Dataset records >>

---------------

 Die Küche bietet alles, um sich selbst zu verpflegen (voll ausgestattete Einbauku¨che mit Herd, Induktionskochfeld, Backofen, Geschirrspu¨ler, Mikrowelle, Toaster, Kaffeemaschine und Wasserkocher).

---------------

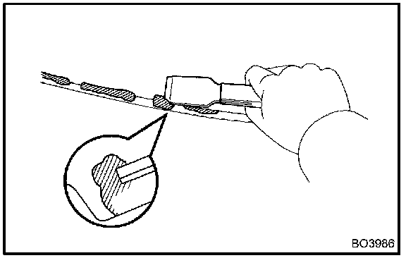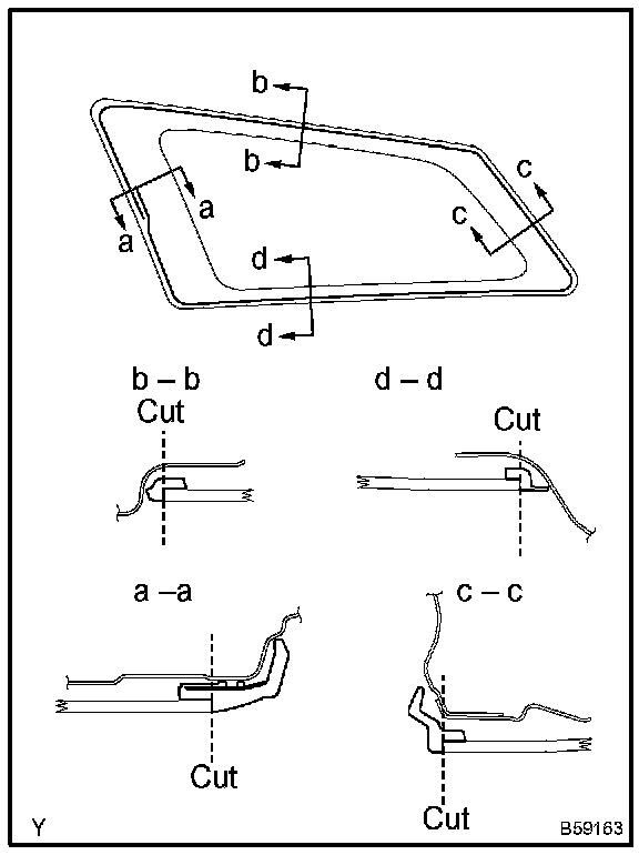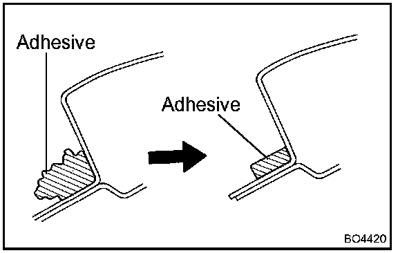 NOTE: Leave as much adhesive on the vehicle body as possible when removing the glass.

---------------

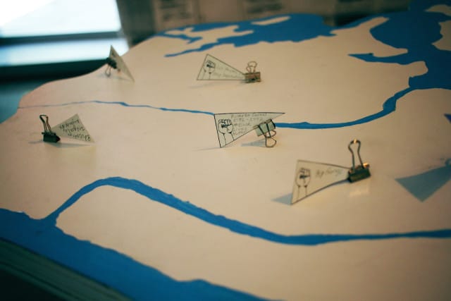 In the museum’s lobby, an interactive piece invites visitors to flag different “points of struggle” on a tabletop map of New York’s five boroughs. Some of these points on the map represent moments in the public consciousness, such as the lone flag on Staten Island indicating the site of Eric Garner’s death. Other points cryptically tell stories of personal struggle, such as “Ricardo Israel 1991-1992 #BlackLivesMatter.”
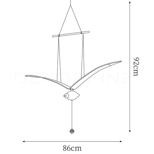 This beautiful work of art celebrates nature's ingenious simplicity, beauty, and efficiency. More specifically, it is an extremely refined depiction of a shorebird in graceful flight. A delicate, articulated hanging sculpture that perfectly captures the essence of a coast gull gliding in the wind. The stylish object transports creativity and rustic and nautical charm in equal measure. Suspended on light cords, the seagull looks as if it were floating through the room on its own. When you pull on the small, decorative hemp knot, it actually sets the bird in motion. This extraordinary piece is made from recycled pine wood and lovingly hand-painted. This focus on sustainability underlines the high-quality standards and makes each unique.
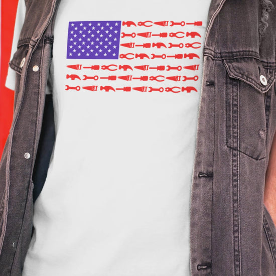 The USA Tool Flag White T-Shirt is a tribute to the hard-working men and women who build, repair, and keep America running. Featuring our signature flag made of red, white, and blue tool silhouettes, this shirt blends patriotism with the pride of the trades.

---------------

Task statement >>
Look above for the line with "This beautiful work"; quote it and every line after it, stopping after the line with "The USA Tool", exactly, with nothing added and without pictures.

Result of the task >>
 This beautiful work of art celebrates nature's ingenious simplicity, beauty, and efficiency. More specifically, it is an extremely refined depiction of a shorebird in graceful flight. A delicate, articulated hanging sculpture that perfectly captures the essence of a coast gull gliding in the wind. The stylish object transports creativity and rustic and nautical charm in equal measure. Suspended on light cords, the seagull looks as if it were floating through the room on its own. When you pull on the small, decorative hemp knot, it actually sets the bird in motion. This extraordinary piece is made from recycled pine wood and lovingly hand-painted. This focus on sustainability underlines the high-quality standards and makes each unique.
 The USA Tool Flag White T-Shirt is a tribute to the hard-working men and women who build, repair, and keep America running. Featuring our signature flag made of red, white, and blue tool silhouettes, this shirt blends patriotism with the pride of the trades.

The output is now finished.